* [EXERCISE DETAILS] Count how many lines in the data hold the word "Công", and give that number alone.

* [RECORD EXCERPTS]
--- START ---

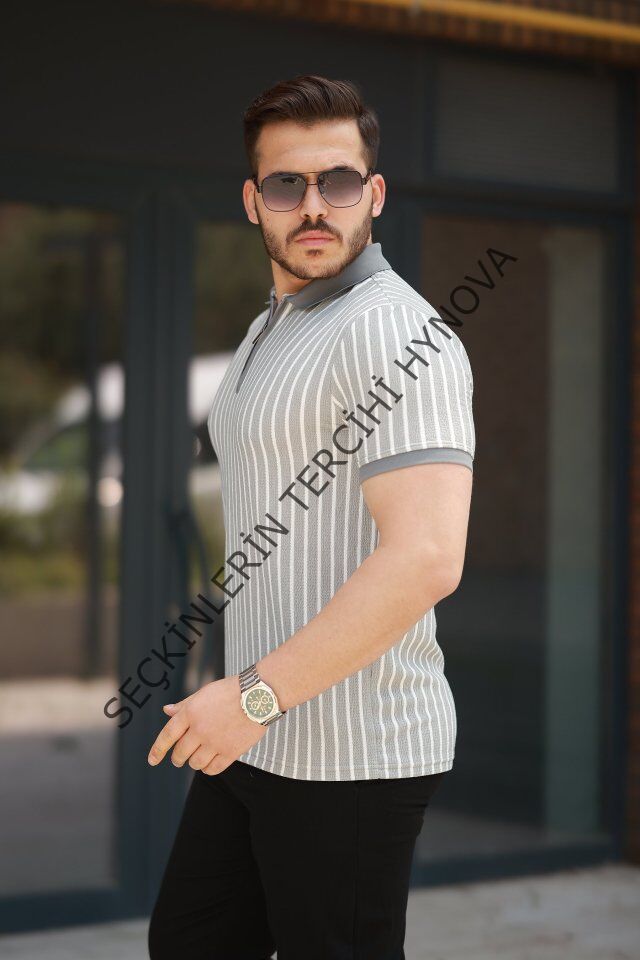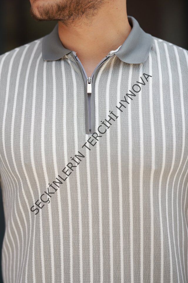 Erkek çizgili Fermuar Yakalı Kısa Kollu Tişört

--- END ---
--- START ---

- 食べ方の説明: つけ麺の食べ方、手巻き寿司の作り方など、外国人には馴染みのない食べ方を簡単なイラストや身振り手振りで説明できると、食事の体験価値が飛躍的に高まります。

--- END ---
--- START ---

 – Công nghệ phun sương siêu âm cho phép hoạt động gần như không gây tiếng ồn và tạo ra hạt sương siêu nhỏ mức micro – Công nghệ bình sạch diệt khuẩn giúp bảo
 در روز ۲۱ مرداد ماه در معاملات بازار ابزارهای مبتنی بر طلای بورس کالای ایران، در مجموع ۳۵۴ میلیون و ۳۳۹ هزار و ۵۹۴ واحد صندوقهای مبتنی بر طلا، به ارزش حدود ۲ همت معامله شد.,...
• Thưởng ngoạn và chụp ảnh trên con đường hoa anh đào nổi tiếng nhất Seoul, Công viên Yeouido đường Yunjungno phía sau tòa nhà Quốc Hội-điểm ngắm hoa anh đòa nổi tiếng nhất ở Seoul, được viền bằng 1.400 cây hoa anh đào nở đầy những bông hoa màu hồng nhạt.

--- END ---

* [SOLUTION TO THIS PROBLEM] 2